Leave out every picture, then transcribe the rest of the listing exactly.

=-=-=-=-=

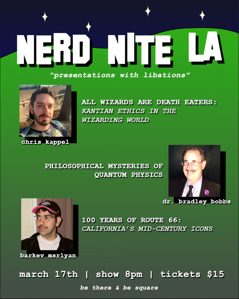Welcome to Nerd Nite Los Angeles! We’re so excited that you’ve discovered our community’s nerdy little corner of LA. We are Nerd Nite (like TED Talks or the Discovery Channel + beer), Drinking & Dragons (live, imsurovised DnD), NNXL (live music), and Nerd Nite Out (community-building). Check out what we’re up to at one of our upcoming events!
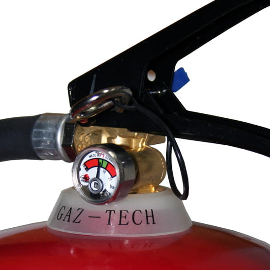 zawór wyposażony we wskaźnik ciśnienia umożliwiający kontrolę ciśnienia w gaśnicy,
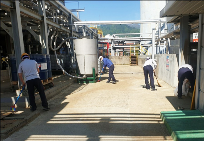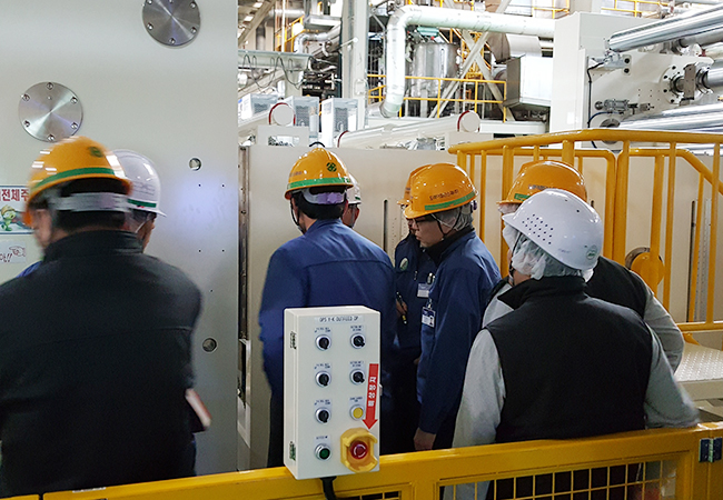 東レ尖端素材は経営トップから現場の従業員まで一人も外さず安全管理に参画しています。自分と同僚の安全のため、危険要素を見つけ出し改善し、安全な事業場づくりに向け努力しています。それに加え、共に働く全ての協力会社の安全レベルを高めるためにも積極的に支援しています。そして、多様な健康増進プログラムを運営し、全ての従業員の生活の質を向上させるため努力しています。
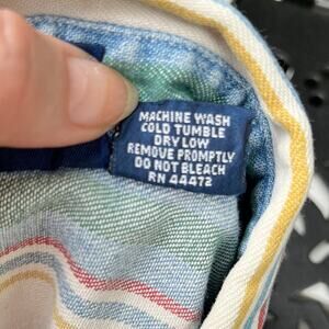 Vintage Color Block 90s Blue, Green, Red, White, and Yellow Striped Button Down Shirt with Front Pocket. Size Large
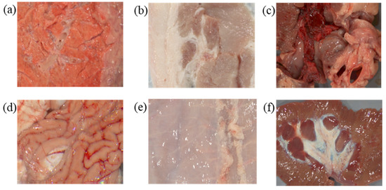 Sample images of organ tissues: (a) pig lung, (b) pork, (c) pig heart, (d) pig brain, (e) pig bag, and (f) pig kidney.

=-=-=-=-=

● Written solution:
Welcome to Nerd Nite Los Angeles! We’re so excited that you’ve discovered our community’s nerdy little corner of LA. We are Nerd Nite (like TED Talks or the Discovery Channel + beer), Drinking & Dragons (live, imsurovised DnD), NNXL (live music), and Nerd Nite Out (community-building). Check out what we’re up to at one of our upcoming events!
 zawór wyposażony we wskaźnik ciśnienia umożliwiający kontrolę ciśnienia w gaśnicy,
 東レ尖端素材は経営トップから現場の従業員まで一人も外さず安全管理に参画しています。自分と同僚の安全のため、危険要素を見つけ出し改善し、安全な事業場づくりに向け努力しています。それに加え、共に働く全ての協力会社の安全レベルを高めるためにも積極的に支援しています。そして、多様な健康増進プログラムを運営し、全ての従業員の生活の質を向上させるため努力しています。
 Vintage Color Block 90s Blue, Green, Red, White, and Yellow Striped Button Down Shirt with Front Pocket. Size Large
 Sample images of organ tissues: (a) pig lung, (b) pork, (c) pig heart, (d) pig brain, (e) pig bag, and (f) pig kidney.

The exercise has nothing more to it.